Data entries
____________
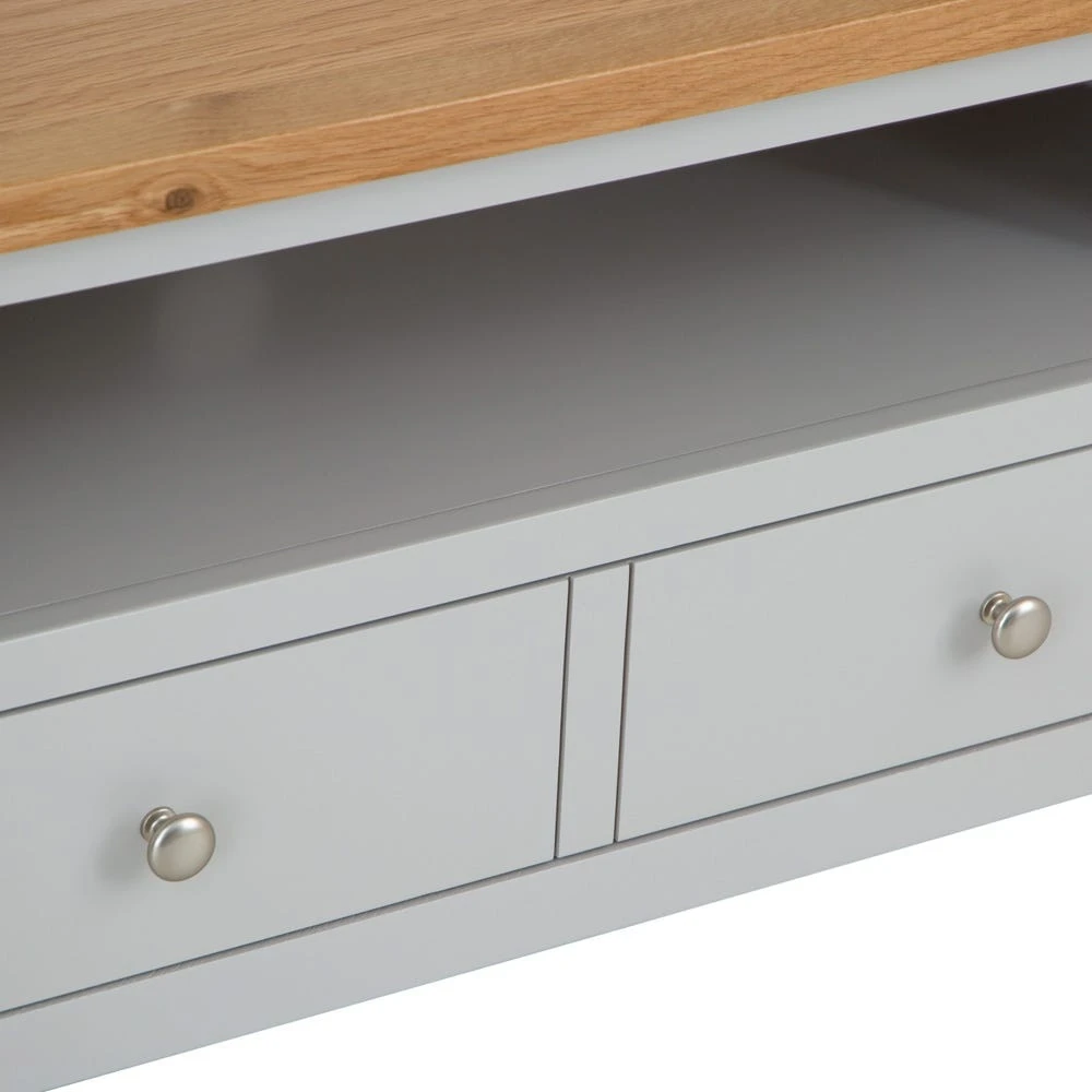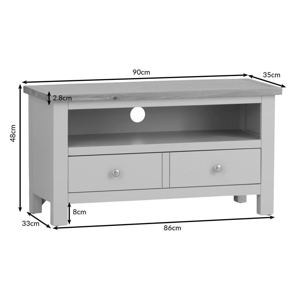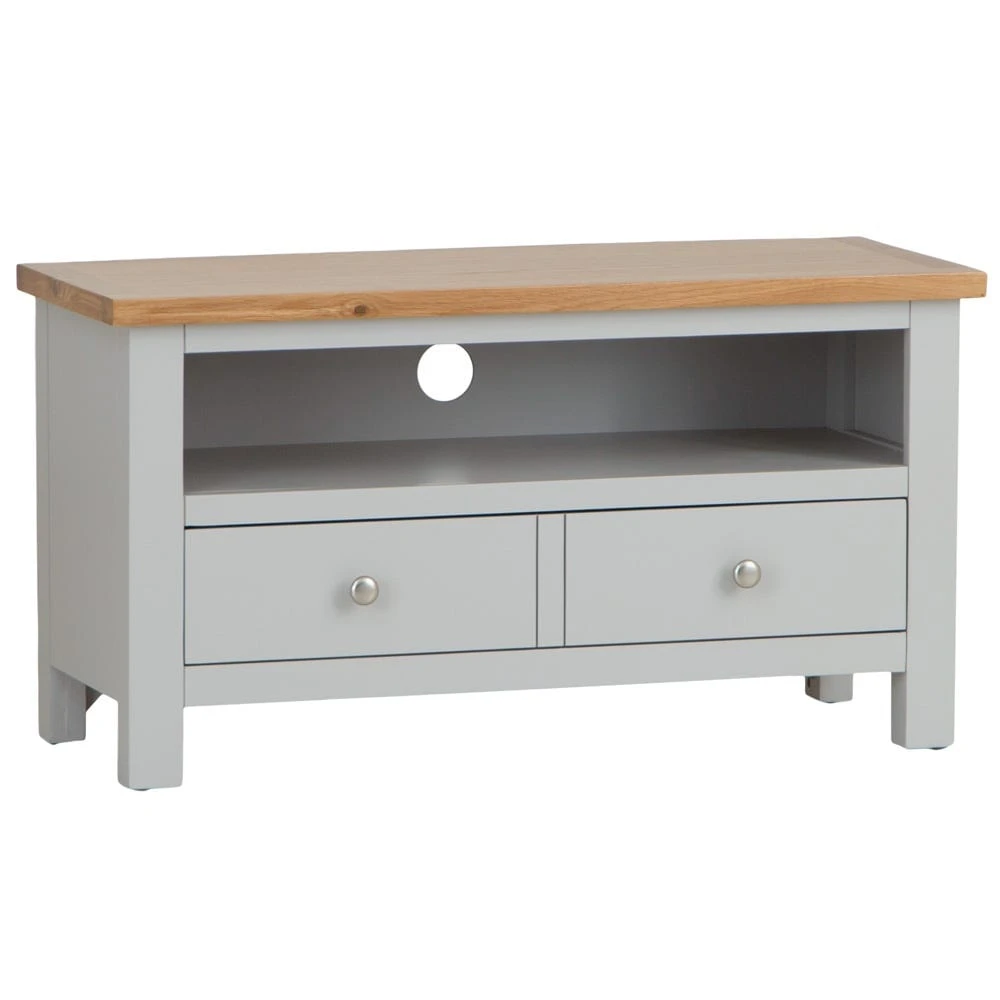 At 90cm wide, this compact unit is ideal for small living rooms or bedrooms, and can accommodate standard 24-inch TV sets. It has a large double-fronted drawer for your DVD or Blu-ray collection, plus a shelf that’s designed to house players and games consoles. The pale grey hue exudes subtle elegance to flatter any style of space, and the golden oak top adds complementary warmth.
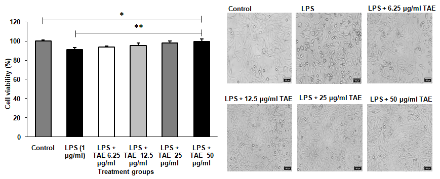 To evaluate the NO inhibition, 200 μl of cell suspension was seeded into a 96-well plate and grown for 1d. Afterward, treat the cells with various concentrations of TAE and 1 µg/ml of LPS and incubate them for 1d in a CO2 atmosphere. Following the incubation period, collect the culture supernatant and measure the NO levels using a commercial kit. EZAssay TMNO Estimation Kit.
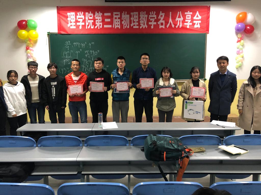 11月28号,gg999策略手机白菜举办的第三届“物理数学名人分享会”决赛在南楼408教室举行。到会的有gg999策略手机白菜辅导员杨陈东、张小妹、班主任王妙、李小雪、团学干部及大一大二全体员工。
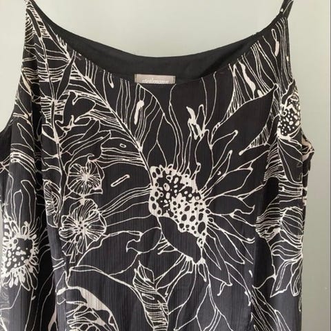 Har flotte læg nederst på skørtet som den har mere vidde. Ærmer er gennemsigtige.
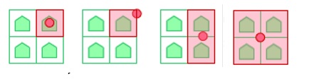 Luke có một tờ giấy kẻ ô vuông với ~ n ~ dòng và ~ m ~ cột, anh ta tưởng tượng rằng có một căn cứ quân đội của quân địch trong mỗi ô vuông. Anh ta sẽ phá hủy hết tất cả các căn cứ của kể thù bằng cách ném bom vào căn cứ. Khi có một quả bom được thả vào trong một ô hoặc ở biên hoặc ở gốc của ô nào thì xem như căn cứ quân sự ở ô đó bị phá hủy. Ví dụ về các trường hợp căn cứ bị phá hủy như hình dưới:
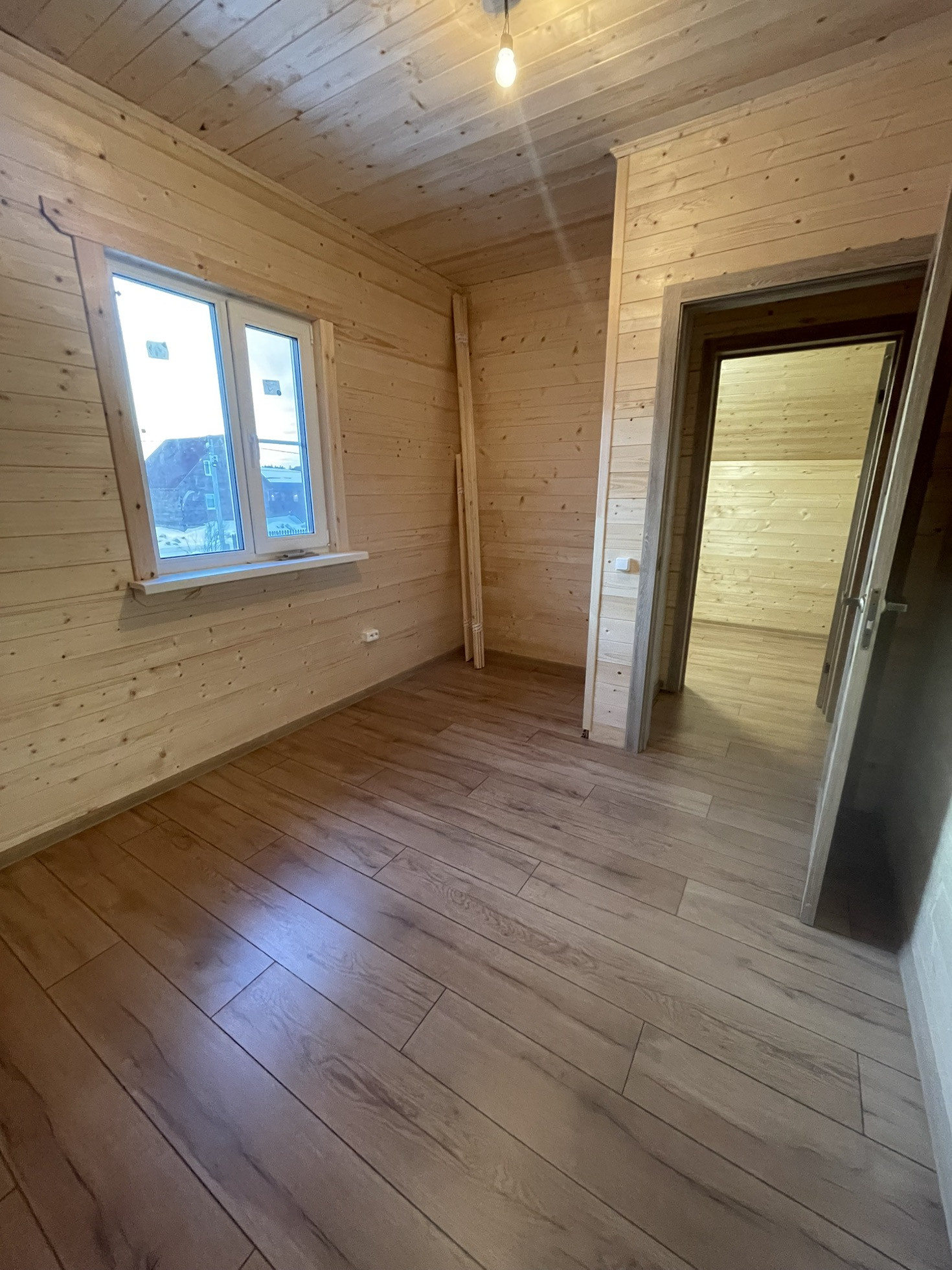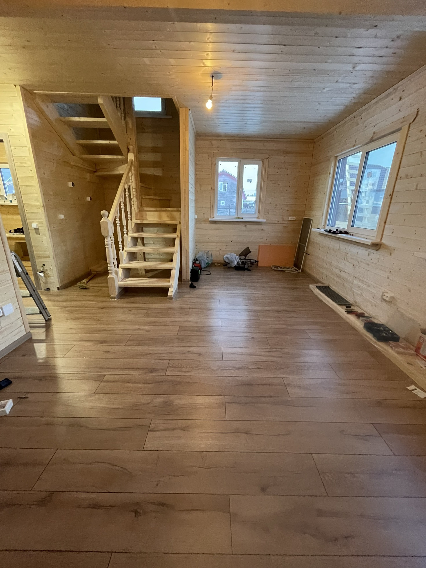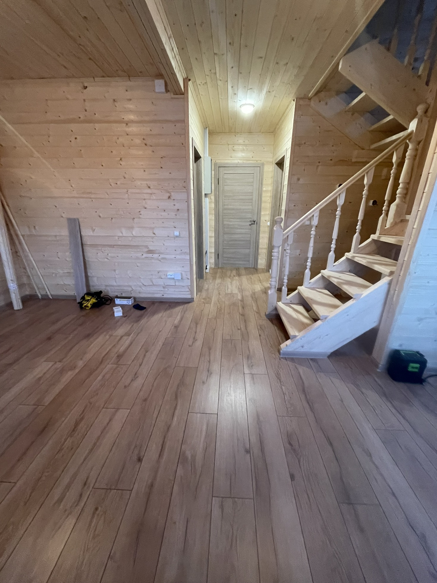 Уложен ламинат, Теплый пол весь первый этаж с системой Умный дом, установлены двери, сделана вся разводка электричества.
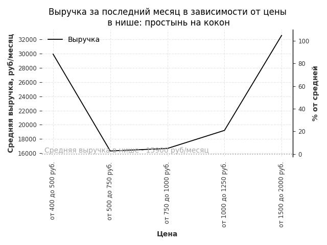 Средняя выручка в нише - 15900 руб./месяц. Максимальная выручка 32500 руб./месяц, на 100% больше среднего в нише, была при цене от 1500 до 2000 руб. руб.
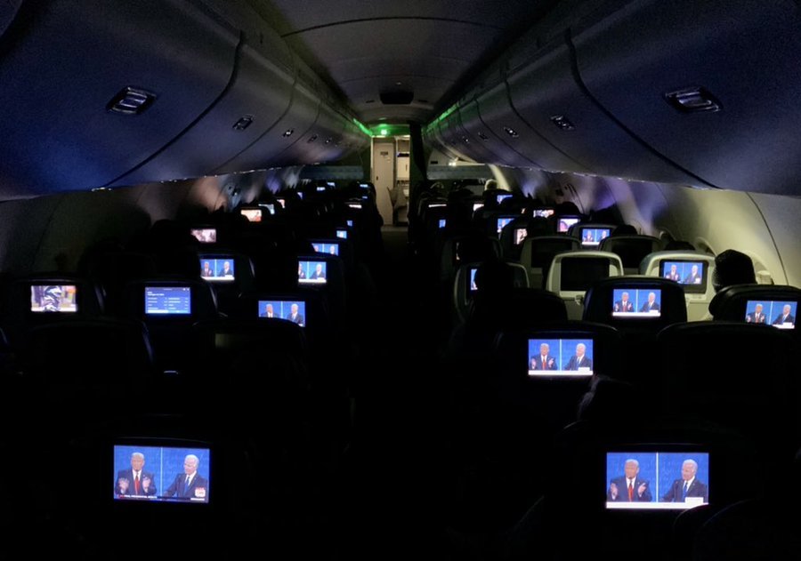 双方对疫情给出不同判断 这场辩论持续约90分钟。辩论涉及话题包括新冠疫情、国家安全、医保、移民、种族、经济、气候变化等,都称得上眼下美国最关注、最“撕裂”的热点话题。 “如何领导美国抗疫”是主持人提出的第一个问题。特朗普和拜登对美国疫情前景的判断截然相反。 特朗普称,美国疫情“正在转弯,就要消退”,还称疫苗将很快问世。他没有阐述自己下一阶段抗疫计划,只强调应开放经济、让学校复课,指责拜登主张“锁国”。 拜登则援引美国疫情最新数据,称美国“将要进入一个黑暗的冬天”。他大力批评特朗普领导抗疫不力,指责特朗普一直散布不实信息。拜登然后讲述他的抗疫计划,包括鼓励人们戴口罩、加强快速检测、制定重启经济和校园的全国性标准等。 颇为讽刺的是,双方倒是在一件事上颇为“一致”,就是在辩论中着力抨击对方“腐败”,同时否认针对自己的腐败指控。 拜登坚称自己担任副总统期间,他本人和儿子亨特均未从中渔利。特朗普则否认自己纳税额过低,称他实际上预缴了高额税款。 观众评出的赢家,竟然是…… 10月22日晚间美国底特律飞往华盛顿一架航班上,许多乘客观看辩论直播。图片来自网络 作为新引入的规则,这场辩论在个人陈述环节关闭非发言者的话筒,在自由辩论阶段才同时打开双方话筒。这是为了避免特朗普和拜登首次辩论时相互插话、打断的混乱局面重演。有美国媒体评价说,随意打断少了、人身攻击少了,两人辩论总算“正常”点了。 辩后,双方团队都称自己胜利,并引用各色民调佐证。特朗普竞选团队在一份声明中说,特朗普揭露了拜登作为华盛顿政客光说不做的面目。拜登竞选团队则表示,拜登证明了自己拥有能带领美国克服多重危机、实现团结的判断力、经验和性情。 不过,在社交媒体上,网友却选出了“赢家”——当天辩论主持人、全国广播公司白宫记者克丽斯滕· 韦尔克。上一场辩论全程很无奈的主持人华莱士甚至还说,对韦尔克的表现“羡慕嫉妒恨”。
____________
◆ PROBLEM STATEMENT:
The result should be a verbatim copy of the data, free of pictures.

◆ EXPECTED ANSWER:
 At 90cm wide, this compact unit is ideal for small living rooms or bedrooms, and can accommodate standard 24-inch TV sets. It has a large double-fronted drawer for your DVD or Blu-ray collection, plus a shelf that’s designed to house players and games consoles. The pale grey hue exudes subtle elegance to flatter any style of space, and the golden oak top adds complementary warmth.
 To evaluate the NO inhibition, 200 μl of cell suspension was seeded into a 96-well plate and grown for 1d. Afterward, treat the cells with various concentrations of TAE and 1 µg/ml of LPS and incubate them for 1d in a CO2 atmosphere. Following the incubation period, collect the culture supernatant and measure the NO levels using a commercial kit. EZAssay TMNO Estimation Kit.
 11月28号,gg999策略手机白菜举办的第三届“物理数学名人分享会”决赛在南楼408教室举行。到会的有gg999策略手机白菜辅导员杨陈东、张小妹、班主任王妙、李小雪、团学干部及大一大二全体员工。
 Har flotte læg nederst på skørtet som den har mere vidde. Ærmer er gennemsigtige.
 Luke có một tờ giấy kẻ ô vuông với ~ n ~ dòng và ~ m ~ cột, anh ta tưởng tượng rằng có một căn cứ quân đội của quân địch trong mỗi ô vuông. Anh ta sẽ phá hủy hết tất cả các căn cứ của kể thù bằng cách ném bom vào căn cứ. Khi có một quả bom được thả vào trong một ô hoặc ở biên hoặc ở gốc của ô nào thì xem như căn cứ quân sự ở ô đó bị phá hủy. Ví dụ về các trường hợp căn cứ bị phá hủy như hình dưới:
 Уложен ламинат, Теплый пол весь первый этаж с системой Умный дом, установлены двери, сделана вся разводка электричества.
 Средняя выручка в нише - 15900 руб./месяц. Максимальная выручка 32500 руб./месяц, на 100% больше среднего в нише, была при цене от 1500 до 2000 руб. руб.
 双方对疫情给出不同判断 这场辩论持续约90分钟。辩论涉及话题包括新冠疫情、国家安全、医保、移民、种族、经济、气候变化等,都称得上眼下美国最关注、最“撕裂”的热点话题。 “如何领导美国抗疫”是主持人提出的第一个问题。特朗普和拜登对美国疫情前景的判断截然相反。 特朗普称,美国疫情“正在转弯,就要消退”,还称疫苗将很快问世。他没有阐述自己下一阶段抗疫计划,只强调应开放经济、让学校复课,指责拜登主张“锁国”。 拜登则援引美国疫情最新数据,称美国“将要进入一个黑暗的冬天”。他大力批评特朗普领导抗疫不力,指责特朗普一直散布不实信息。拜登然后讲述他的抗疫计划,包括鼓励人们戴口罩、加强快速检测、制定重启经济和校园的全国性标准等。 颇为讽刺的是,双方倒是在一件事上颇为“一致”,就是在辩论中着力抨击对方“腐败”,同时否认针对自己的腐败指控。 拜登坚称自己担任副总统期间,他本人和儿子亨特均未从中渔利。特朗普则否认自己纳税额过低,称他实际上预缴了高额税款。 观众评出的赢家,竟然是…… 10月22日晚间美国底特律飞往华盛顿一架航班上,许多乘客观看辩论直播。图片来自网络 作为新引入的规则,这场辩论在个人陈述环节关闭非发言者的话筒,在自由辩论阶段才同时打开双方话筒。这是为了避免特朗普和拜登首次辩论时相互插话、打断的混乱局面重演。有美国媒体评价说,随意打断少了、人身攻击少了,两人辩论总算“正常”点了。 辩后,双方团队都称自己胜利,并引用各色民调佐证。特朗普竞选团队在一份声明中说,特朗普揭露了拜登作为华盛顿政客光说不做的面目。拜登竞选团队则表示,拜登证明了自己拥有能带领美国克服多重危机、实现团结的判断力、经验和性情。 不过,在社交媒体上,网友却选出了“赢家”——当天辩论主持人、全国广播公司白宫记者克丽斯滕· 韦尔克。上一场辩论全程很无奈的主持人华莱士甚至还说,对韦尔克的表现“羡慕嫉妒恨”。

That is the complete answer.